The Chronicle of The Kings of Norway

by Snorri Sturlson | c.1179-1241 | 320,198 words

The "Heimskringla" of Snorri Sturlason is a collection of sagas concerning the various rulers of Norway, from about A.D. 850 to the year A.D. 1177....

Thereafter Sigurd came south to Vikar, and seized King Sigurd's lendermen, William Skinnare and Thorald Kept, and killed them both. Then Sigurd turned south-wards along the coast, and met Styrkar Glaesirofa south of Byrda, as he was coming from the south from the town of Nidaros, and killed him.

Now when Sigurd came south to Valsnes, he met Svinagrim outside of the ness, and cut off his right hand. From thence he went south to More, past the mouth of the Throndhjem fjord, where they took Hedin Hirdmage and Kalf Kringluauge. They let Hedin escape, but killed Kalf. When King Sigurd, and his foster-father, Sadagyrd, heard of Sigurd Slembidjakn's proceedings, and what he was doing, they sent people to search for him; and their leader was Jon Kauda, a son of Kalf Range.

Bishop Ivar's brother, and besides the priest Jon Smyril. They went on board the ship the Reindeer, which had twenty-two rowing benches, and was one of the swiftest sailing vessels, to seek Sigurd; but as they could not find him, they returned north-wards with little glory; for people said that they had got sight of Sigurd and his people, and durst not attack them.

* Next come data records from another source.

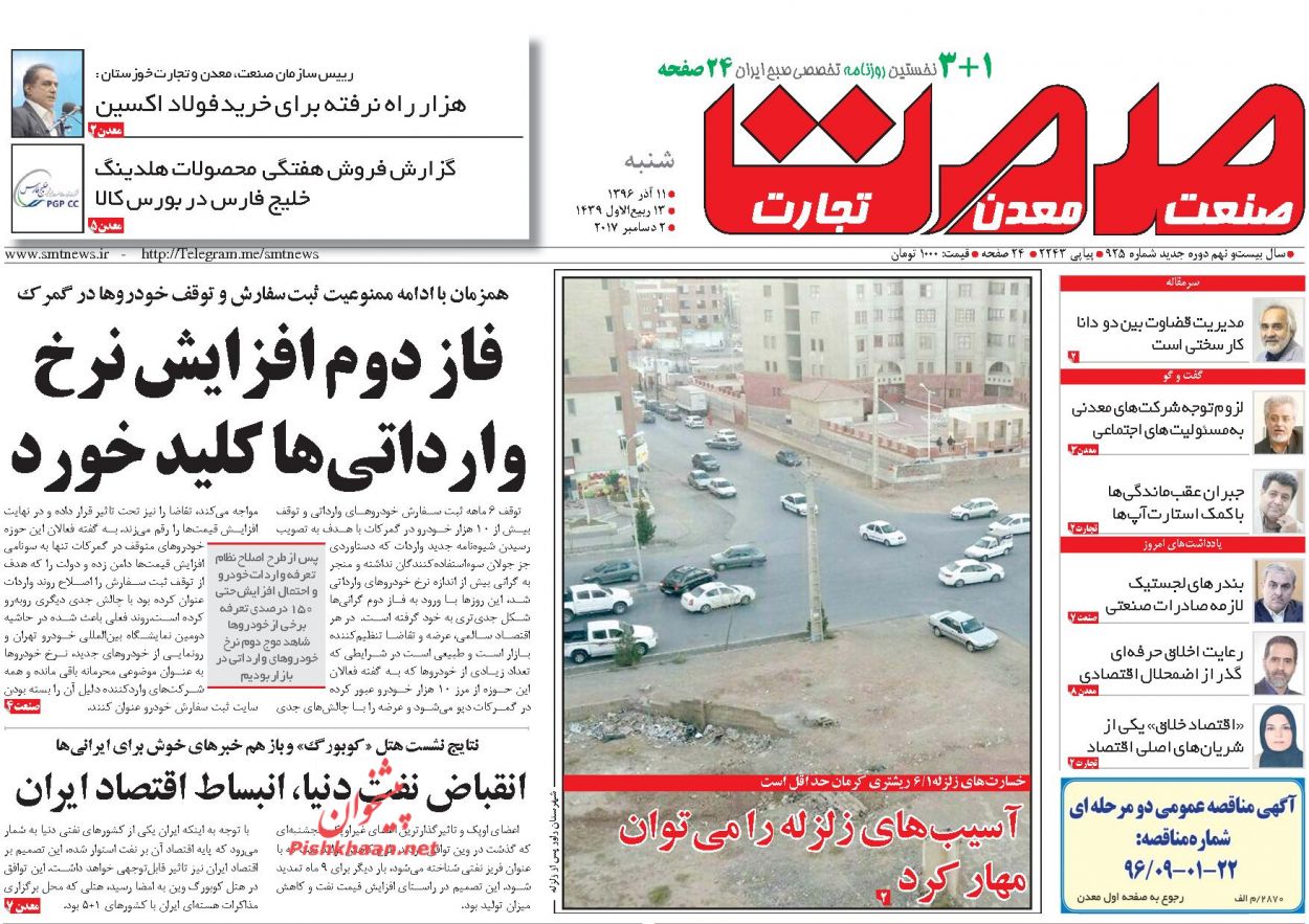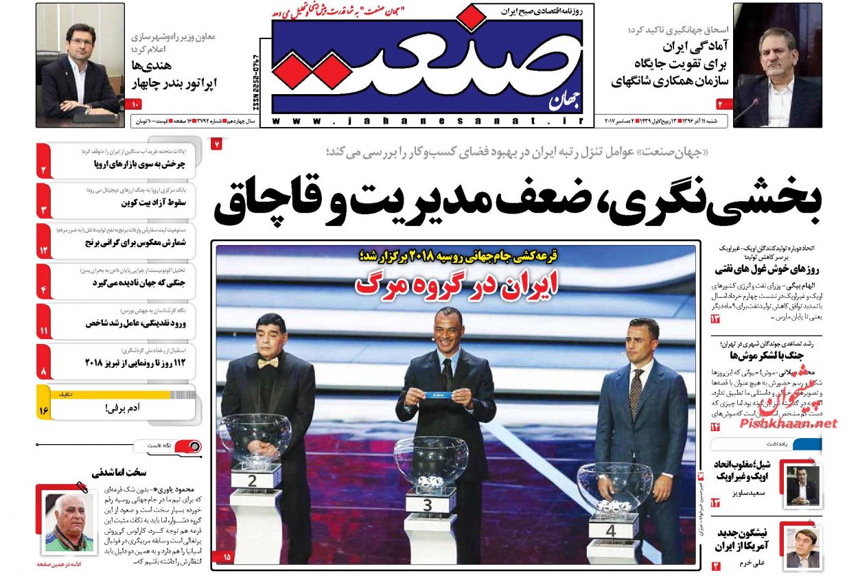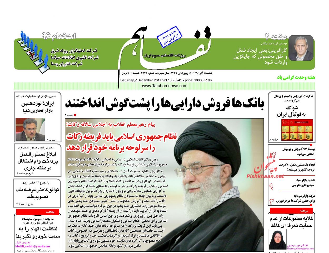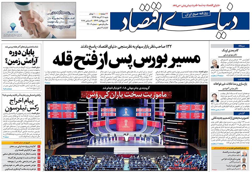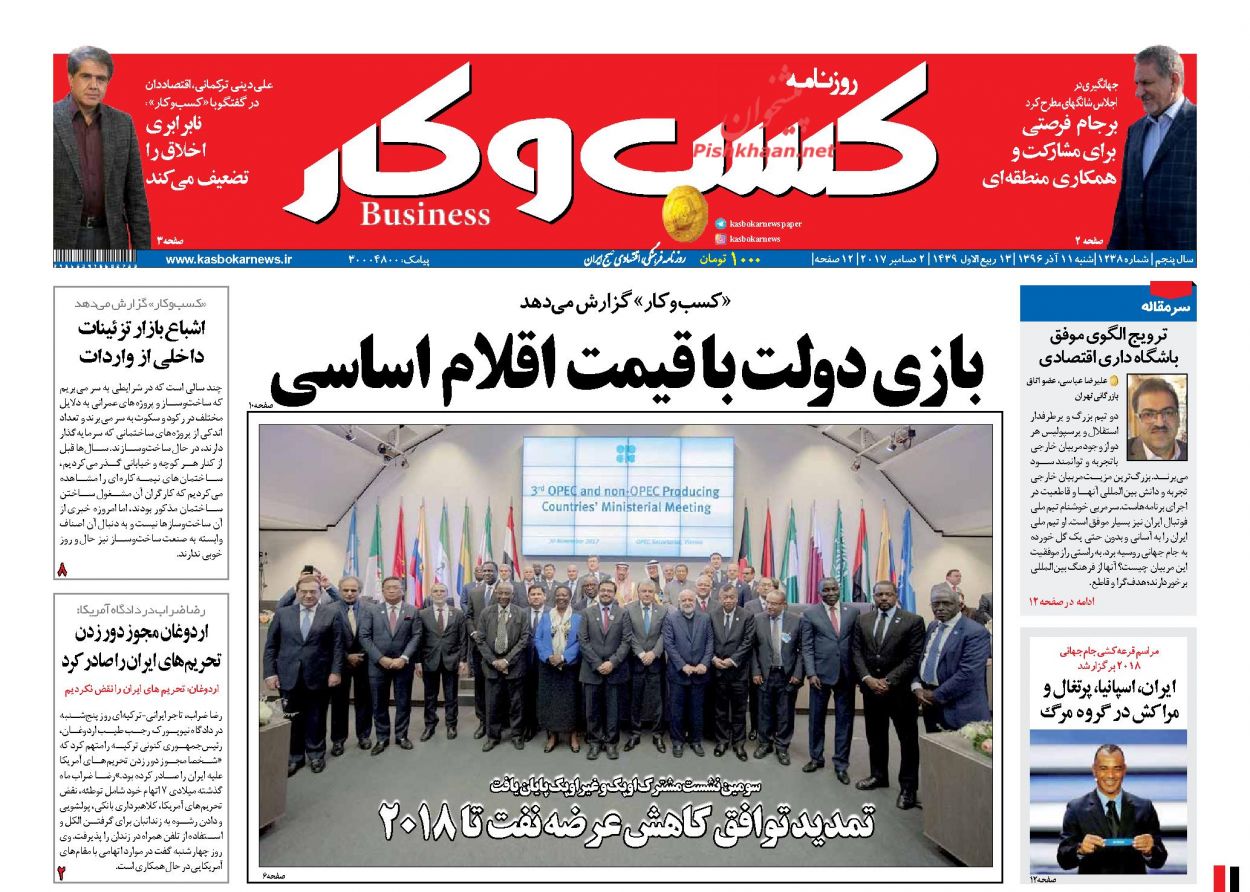 در پیشخوان امروز ، صفحه نخست روزنامه های اقتصادی شنبه 11 آذر 1396 را مشاهده می کنید.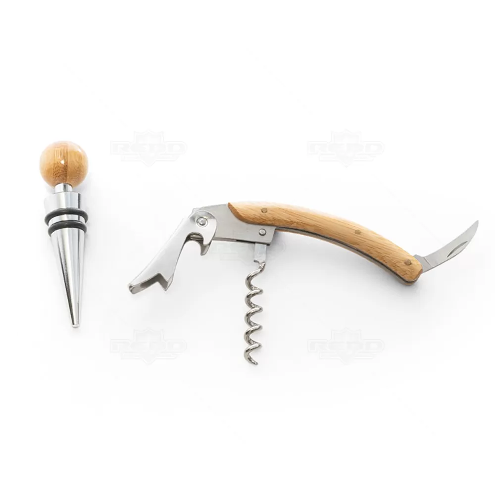 O conjunto de vinho com dois componentes em metal e bambu é a escolha perfeita para os amantes de vinhos que apreciam a combinação de elegância e funcionalidade. Este conjunto inclui um saca-rolhas e um salva-gotas, ambos feitos com materiais de alta qualidade. O saca-rolhas de metal oferece durabilidade e eficiência, enquanto o salva-gotas em bambu adiciona um toque de sofisticação e naturalidade, garantindo que suas superfícies permaneçam limpas e sem manchas. Cada peça do conjunto é única devido à variação de cor e impressão nos materiais naturais, conferindo exclusividade ao produto. Fornecido em uma caixa presente de papel kraft reciclado, este conjunto é ideal para presentes personalizados ou brindes promocionais em eventos corporativos. A combinação de metal resistente e bambu sustentável não apenas realça a estética do conjunto, mas também destaca o compromisso com o meio ambiente. Seja para ocasiões especiais ou uso diário, este conjunto de vinho é uma excelente adição para qualquer apreciador de vinhos.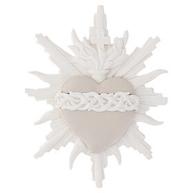 Cuore sacro da parete 15x15 cm resina raggi bianchi e corona intrecciata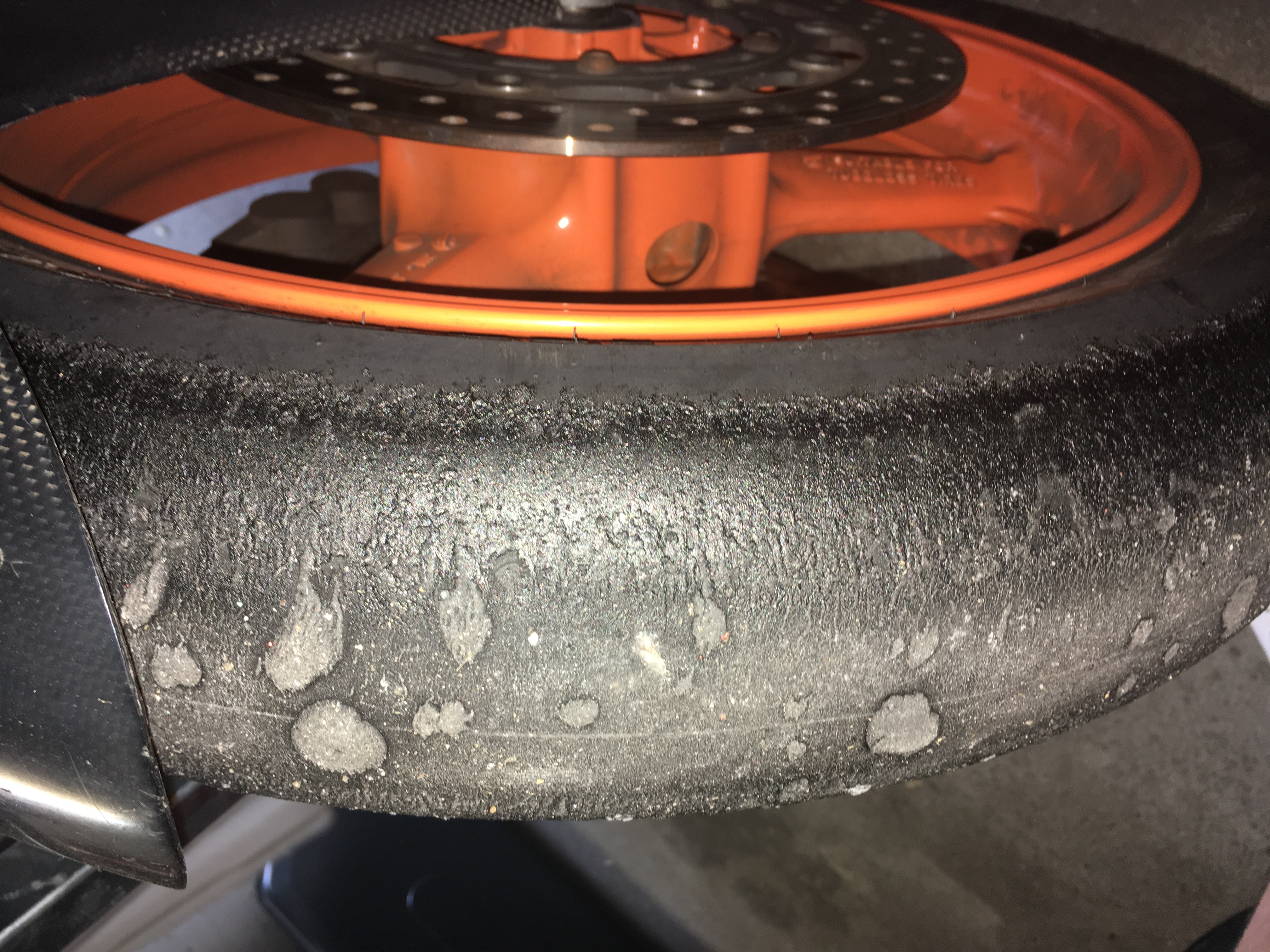 Naja in der zweiten Runde wurde allerdings abgebrochen weil es einen nach dem Shell S gepackt hat - das Moped lag aber soweit in Richtung der nächsten Rechts, dass ich davon ausgehe, dass er beim rausfahren über die Curbs gehämmert ist und die Kontrolle verloren hat.

Afterwards Sigurd proceeded southwards to Hordaland, and came to Herdla, where Einar, a son of Laxapaul, had a farm; and went into Hamar's fjord, to the Gangdaga-thing. They took all the goods that were at the farm, and a long-ship of twenty-two benches which belonged to Einar; and also his son, four years old, who was living with one of his labouring people. Some wanted to kill the boy, but others took him and carried him with them.

The labouring man said,

"It will not be lucky for you to kill the child; and it will be of no use to you to carry him away, for it is my son, and not Einar's."

And on his word they let the boy remain, and went away. When Einar came home he gave the labourer money to the value of two ore of gold, and thanked him for his clever invention, and promised him his constant friendship. So says Eirik Odson, who first wrote down this relation; and he heard himself Einar Paulson telling these circumstances in Bergen.

Sigurd then went southward along the coast all the way east to Viken, and met Fin Saudaulfson east at Kvildar, as he was engaged in drawing in King Inge's rents and duties, and hanged him. Then they sailed south to Denmark.